Background: Immunotherapy has become established as a new cancer treatment that enhances patients’ immune systems’ ability to fight cancer. Immune checkpoint inhibitors (ICI) have demonstrated remarkable benefits in the treatment of a range of cancer types. The increasing use of immune-based therapies has exposed a discrete group of immune-related adverse effects. Effective recognition and treatment of ICI-induced toxicities have emerged as essential goals of ICI management.Current Concepts: Gastrointestinal (GI) and hepatic adverse effects of ICI treatment are relatively common. Immune-related GI or hepatic toxicities occur in approximately 30% of patients. The incidence of grade 3 or 4 adverse effects ranges from 0.5% to 2%. The management strategy for immune-related adverse effects depends on their severity. In general, ICI treatment can be continued with close monitoring for mild (grade 1) GI/hepatic toxicities. ICI treatment should be interrupted for most grade 2 to 4 toxicities, and systemic steroid administration is recommended. If steroids are ineffective, immunosuppressive agents such as infliximab may be used. When symptoms and laboratory values revert to grade 1 or less, ICI treatment may be resumed with caution. Grade 4 toxicities warrant permanent discontinuation of ICI treatment.Discussion and Conclusion: Most immune-related GI and hepatic adverse effects are mild to moderate in severity and can be managed with supportive care, steroid therapy, and other immunomodulatory agents. Management of ICI-related toxicities in the GI and hepatic systems requires close collaboration between the patient, the treating oncologist, and other specialists.
查看原文
分享 分享
微信好友 朋友圈 QQ好友 复制链接
本刊更多论文
癌症免疫治疗的不良反应的管理,重点是胃肠道和肝脏系统
背景:免疫疗法已经成为一种新的癌症治疗方法,可以增强患者的免疫系统对抗癌症的能力。免疫检查点抑制剂(ICI)在一系列癌症类型的治疗中显示出显着的益处。越来越多地使用免疫疗法已经暴露出一组离散的免疫相关不良反应。有效识别和治疗ICI引起的毒性已成为ICI管理的基本目标。当前概念:ICI治疗的胃肠道(GI)和肝脏不良反应相对常见。大约30%的患者发生免疫相关的胃肠道或肝脏毒性。3级或4级不良反应的发生率为0.5%至2%。免疫相关不良反应的管理策略取决于其严重程度。一般来说,ICI治疗可以在密切监测轻度(1级)胃肠道/肝脏毒性的情况下继续进行。对于大多数2至4级毒性,应中断ICI治疗,并建议全身性使用类固醇。如果类固醇无效,可使用免疫抑制剂,如英夫利昔单抗。当症状和实验室值恢复到1级或更低时,可谨慎恢复ICI治疗。4级毒性需要永久停止ICI治疗。讨论和结论:大多数与免疫相关的胃肠道和肝脏不良反应的严重程度为轻至中度,可以通过支持性护理、类固醇治疗和其他免疫调节剂来控制。胃肠道和肝脏系统中ici相关毒性的管理需要患者、治疗肿瘤学家和其他专家之间的密切合作。

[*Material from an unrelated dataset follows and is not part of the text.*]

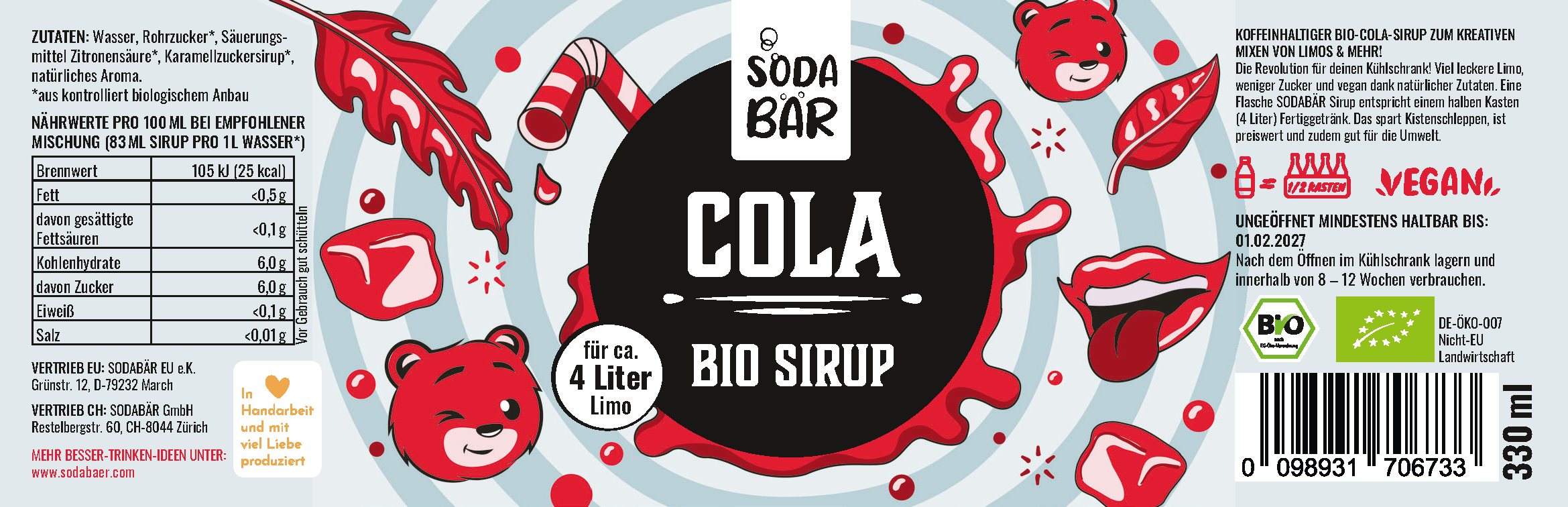 Verzehrempfehlung: 83 ml Sirup pro 1 Liter Wasser. Vor Gebrauch schütteln.

本文章由计算机程序翻译,如有差异,请以英文原文为准。
求助全文
约1分钟内获得全文 去求助
来源期刊
Journal of The Korean Medical Association
Journal of The Korean Medical Association Medicine-General Medicine
CiteScore
0.50
自引率
0.00%
发文量
84
审稿时长
4-8 weeks
期刊介绍: The Journal of the Korean Medical Association (JKMA) is the official peer-reviewed, open-access, monthly journal of the Korean Medical Association (KMA). It contains articles in Korean or English. Its abbreviated title is ''J Korean Med Assoc''. The aims of the Journal include contributing to the treatment of and preventing diseases of public health importance and to improvement of health and quality of life through sharing the state-of the-art scientific information on medicine by the members of KMA and other national and international societies.
期刊最新文献
Treatment of Mycobacterium abscessus complex pulmonary disease Guideline for the diagnosis and treatment of scabies Current status of scabies in Korea Principles for effective management of scabies outbreaks Problems and improvements in the Medical Law’s excessive regulation of physicians in Korea
×
引用
GB/T 7714-2015
复制
MLA
复制
APA
复制
导出至
BibTeX EndNote RefMan NoteFirst NoteExpress
×
×
提示
您的信息不完整,为了账户安全,请先补充。
现在去补充
×
提示
您因"违规操作"
具体请查看互助需知
我知道了
×
提示
现在去查看 取消
×
提示
确定
0
微信
客服QQ
Book学术公众号 扫码关注我们
反馈
×
意见反馈
请填写您的意见或建议
请填写您的手机或邮箱
已复制链接
已复制链接
快去分享给好友吧!
我知道了
×
扫码分享
扫码分享
Book学术官方微信
Book学术文献互助
Book学术文献互助群
群 号:481959085
Book学术
文献互助 智能选刊 最新文献 互助须知 联系我们:info@booksci.cn
Book学术提供免费学术资源搜索服务,方便国内外学者检索中英文文献。致力于提供最便捷和优质的服务体验。